Please return the full listing exactly as written, with the images removed.

## Recorded data:
-- Opening Marker --
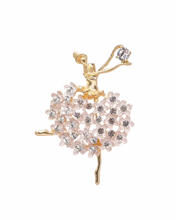Белоснежная брошь с изящным силуэтом балерины воплощает женственность и грацию, подчёркивая утончённый вкус своей обладательницы. Золотистое металлическое основание гармонично сочетается с нежной эмалью и сверкающими стразами, создавая эффект лёгкости и воздушности в каждом движении. Длина 4 см делает украшение заметным, но при этом не перегружает образ, добавляя ему изысканности и изящества.
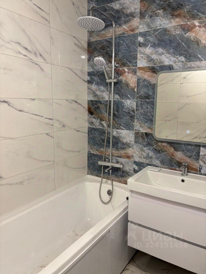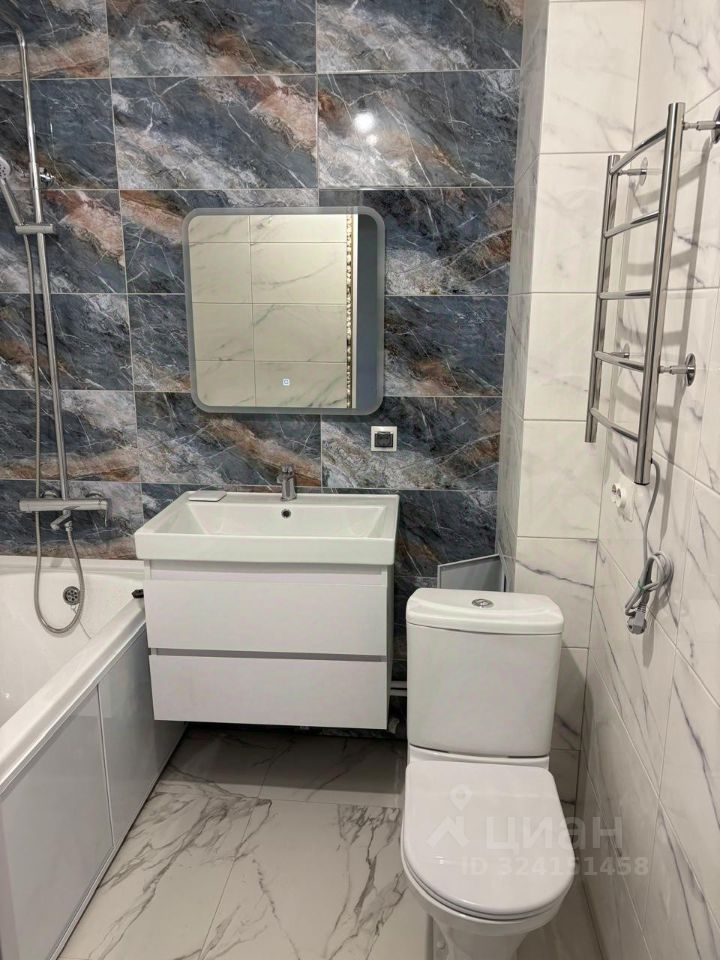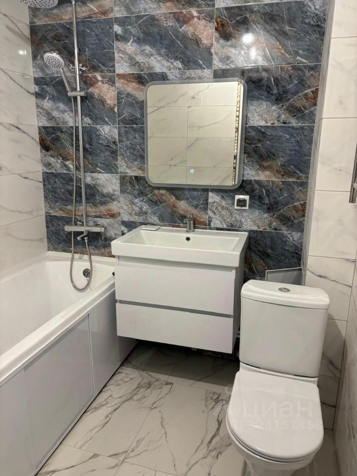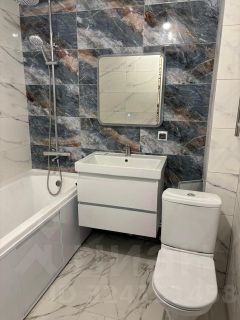 Санузел совмещенный, в идеальном состоянии, кафель, на полу керамогранит, есть место под стиральную машинку, был заменен полотенцесушитель..
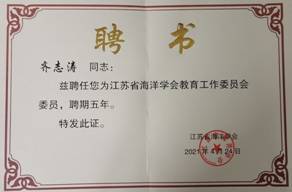 齐志涛教授受聘省海洋学会教育工作委员会委员聘书
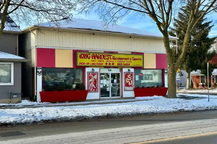 LOCATION! LOCATION! LOCATION! Exceptional opportunity to own a well-established restaurant business and freehold commercial property at a prime high-visibility corner location in downtown St. Catharines. King Harvest Restaurant & Tavern has been successfully operating for over 34 years with a strong, loyal clientele. This outstanding corner property offers maximum exposure with floor-to-ceiling glass on three sides, capturing continuous traffic along Lake Street and generating steady walk-in business. Features include a mezzanine level for additional usable space and a separate side entrance for convenient access. Zoned M1 zoning is flexible – it supports both commercial and residential in the same zone, encouraging active streetscapes and mixed-use buildings. It’s commonly used in areas transitioning from purely residential to a more walkable urban character. offering excellent flexibility for owner-operators and investors. Extras: Price includes property and business, 64-seat capacity, liquor license, and all owned equipment and fixtures. Recently updated commercial kitchen with 16-ft hood fan and suppression system, two electrical panels (100 amps & 200 amps), all in excellent working condition. Located in a high-traffic area close to QEW and Niagara Falls, this is a rare turnkey investment with endless potential. Long-time owner retiring. Motivated Seller – do not miss this exceptional opportunity.
-- Closing Marker --
## Response to the task:
Белоснежная брошь с изящным силуэтом балерины воплощает женственность и грацию, подчёркивая утончённый вкус своей обладательницы. Золотистое металлическое основание гармонично сочетается с нежной эмалью и сверкающими стразами, создавая эффект лёгкости и воздушности в каждом движении. Длина 4 см делает украшение заметным, но при этом не перегружает образ, добавляя ему изысканности и изящества.
 Санузел совмещенный, в идеальном состоянии, кафель, на полу керамогранит, есть место под стиральную машинку, был заменен полотенцесушитель..
 齐志涛教授受聘省海洋学会教育工作委员会委员聘书
 LOCATION! LOCATION! LOCATION! Exceptional opportunity to own a well-established restaurant business and freehold commercial property at a prime high-visibility corner location in downtown St. Catharines. King Harvest Restaurant & Tavern has been successfully operating for over 34 years with a strong, loyal clientele. This outstanding corner property offers maximum exposure with floor-to-ceiling glass on three sides, capturing continuous traffic along Lake Street and generating steady walk-in business. Features include a mezzanine level for additional usable space and a separate side entrance for convenient access. Zoned M1 zoning is flexible – it supports both commercial and residential in the same zone, encouraging active streetscapes and mixed-use buildings. It’s commonly used in areas transitioning from purely residential to a more walkable urban character. offering excellent flexibility for owner-operators and investors. Extras: Price includes property and business, 64-seat capacity, liquor license, and all owned equipment and fixtures. Recently updated commercial kitchen with 16-ft hood fan and suppression system, two electrical panels (100 amps & 200 amps), all in excellent working condition. Located in a high-traffic area close to QEW and Niagara Falls, this is a rare turnkey investment with endless potential. Long-time owner retiring. Motivated Seller – do not miss this exceptional opportunity.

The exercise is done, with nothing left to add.